Records from a dataset
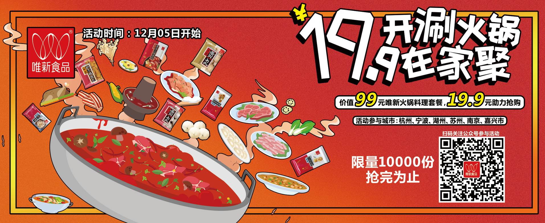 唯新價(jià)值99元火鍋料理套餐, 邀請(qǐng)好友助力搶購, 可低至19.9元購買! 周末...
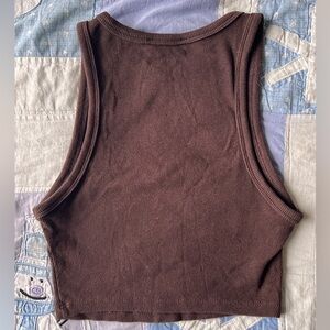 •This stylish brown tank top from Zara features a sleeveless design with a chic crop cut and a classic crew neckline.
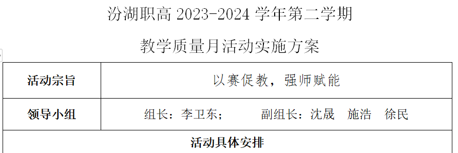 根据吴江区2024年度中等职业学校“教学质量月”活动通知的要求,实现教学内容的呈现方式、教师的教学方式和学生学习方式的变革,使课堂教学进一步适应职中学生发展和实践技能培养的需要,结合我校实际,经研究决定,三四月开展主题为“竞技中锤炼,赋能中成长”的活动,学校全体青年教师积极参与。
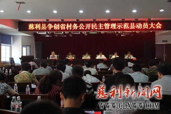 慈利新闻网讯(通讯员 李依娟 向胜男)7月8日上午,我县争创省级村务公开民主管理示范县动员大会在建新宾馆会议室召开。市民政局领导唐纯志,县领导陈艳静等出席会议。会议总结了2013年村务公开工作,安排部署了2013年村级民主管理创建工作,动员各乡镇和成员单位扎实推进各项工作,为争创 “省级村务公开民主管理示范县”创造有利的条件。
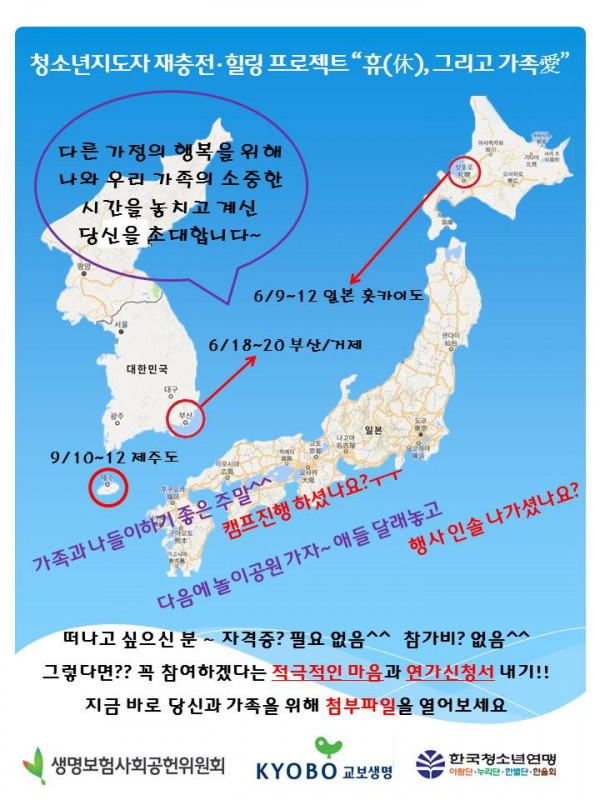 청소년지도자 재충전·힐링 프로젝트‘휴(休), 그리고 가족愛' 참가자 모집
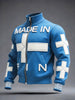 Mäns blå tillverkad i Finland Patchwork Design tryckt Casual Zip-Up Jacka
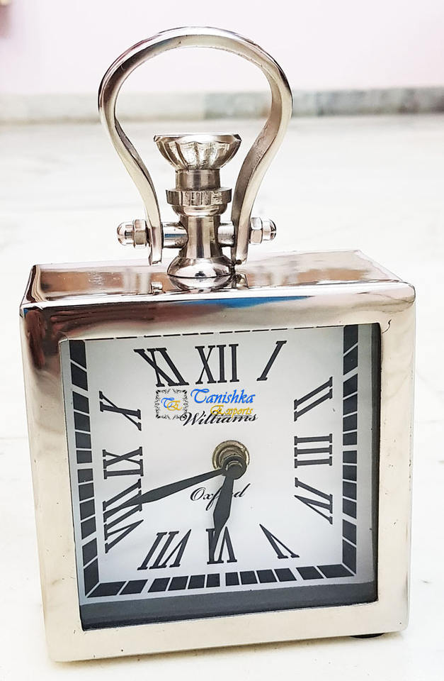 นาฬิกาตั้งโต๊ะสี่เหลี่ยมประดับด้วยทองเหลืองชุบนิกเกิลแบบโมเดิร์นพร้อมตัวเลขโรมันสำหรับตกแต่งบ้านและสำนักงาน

WHAT YOU ARE ASKED TO DO
Exact repeats of the lines from the first one in the data through the line containing "청소년지도자 재충전·힐링 프로젝트‘휴(休), 그리고 가족愛' 참가자 모집" make up the answer. Pictures do not.

ANSWER BOX
 唯新價(jià)值99元火鍋料理套餐, 邀請(qǐng)好友助力搶購, 可低至19.9元購買! 周末...
 •This stylish brown tank top from Zara features a sleeveless design with a chic crop cut and a classic crew neckline.
 根据吴江区2024年度中等职业学校“教学质量月”活动通知的要求,实现教学内容的呈现方式、教师的教学方式和学生学习方式的变革,使课堂教学进一步适应职中学生发展和实践技能培养的需要,结合我校实际,经研究决定,三四月开展主题为“竞技中锤炼,赋能中成长”的活动,学校全体青年教师积极参与。
 慈利新闻网讯(通讯员 李依娟 向胜男)7月8日上午,我县争创省级村务公开民主管理示范县动员大会在建新宾馆会议室召开。市民政局领导唐纯志,县领导陈艳静等出席会议。会议总结了2013年村务公开工作,安排部署了2013年村级民主管理创建工作,动员各乡镇和成员单位扎实推进各项工作,为争创 “省级村务公开民主管理示范县”创造有利的条件。
 청소년지도자 재충전·힐링 프로젝트‘휴(休), 그리고 가족愛' 참가자 모집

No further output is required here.